人間の内面にある心理の揺れを描いて、映画も本もそれぞれに感動しました。

この作品も人間の内面にあるものが、よく描かれていました。
短編集ということで、5つのお話。

「ありの行列」「ディア・ドクタ-」「満月の代弁者」は、都会の最先端医療の現場でない場所(僻地)での医療に臨む医師たちが描かれていました。

映画化された「ディア・ドクタ-」は、まだ見ていませんが、ここでは、主人公の目線でみた家族の姿が描かれていて、医師を目指しながら、違う道に進ん兄に対する憂いなどが伝わり、切なかった。
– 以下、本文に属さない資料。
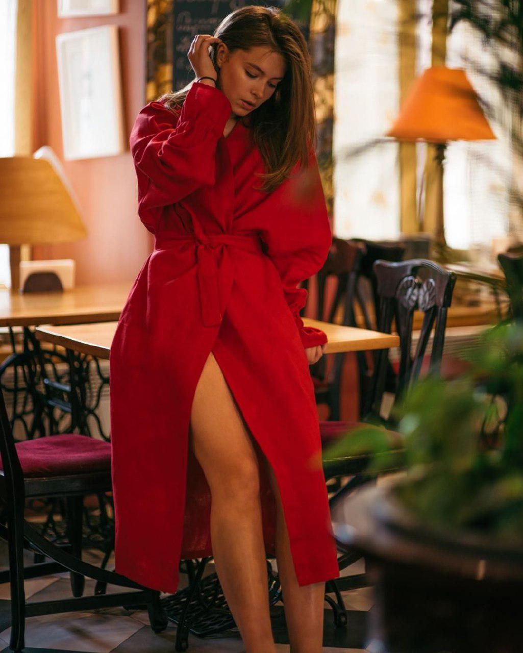 Поки акторка і зірка студії «Квартал 95» Олена Кравець опановує танцювальні рухи на паркеті, її 16-річна донька Маша будує модельну кар’єру. Днями вона похизувалася результатом нової фотосесії, для якої приміряла стильну червону сукню-халат.
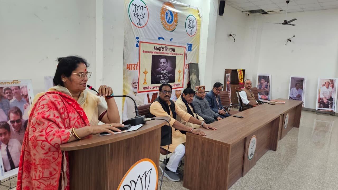श्रद्धांजलि सभा में उपस्थित भाजपा पदाधिकारियों व कार्यकर्ताओं ने स्वर्गीय धर्मेंद्र देओल के चित्र पर पुष्पांजलि अर्पित कर दो मिनट का मौन रखकर उन्हें नमन किया।
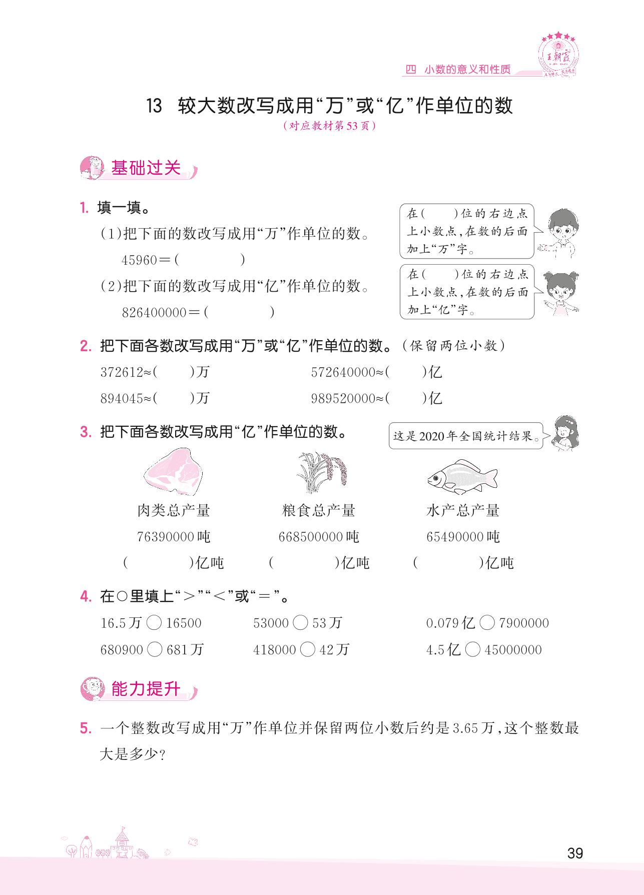 2022下册四年级数学人教版 四 小数的意义和性质——13 较大数改写成用“万”或“亿”作单位的数

最初の話「1983年のほたる」は、病院は出てこなかったかな?・・・・^^;
もしかしたら、映画「ディア・ドクタ-」に関わる人物の子ども時代?
主人公の女の子は小学生で、都会じゃない村のなかでいろいろ彼女なりに、考えがあって努力し、自分の道を進んでいく。
高校生になった彼女が生き生きして、かつて自分より高いところに居たような同級生と対等に付き合っている様子は、読んでいて気持ちよかった!

一番個人的に好きなのは「ノミの愛情」、かなり自尊心も高い外科医の夫とナ-スの妻の話。
日常のやり取りもなかなか面白いけど、夫の具合が悪くなり、救急車を呼ぶ呼ばないの問答。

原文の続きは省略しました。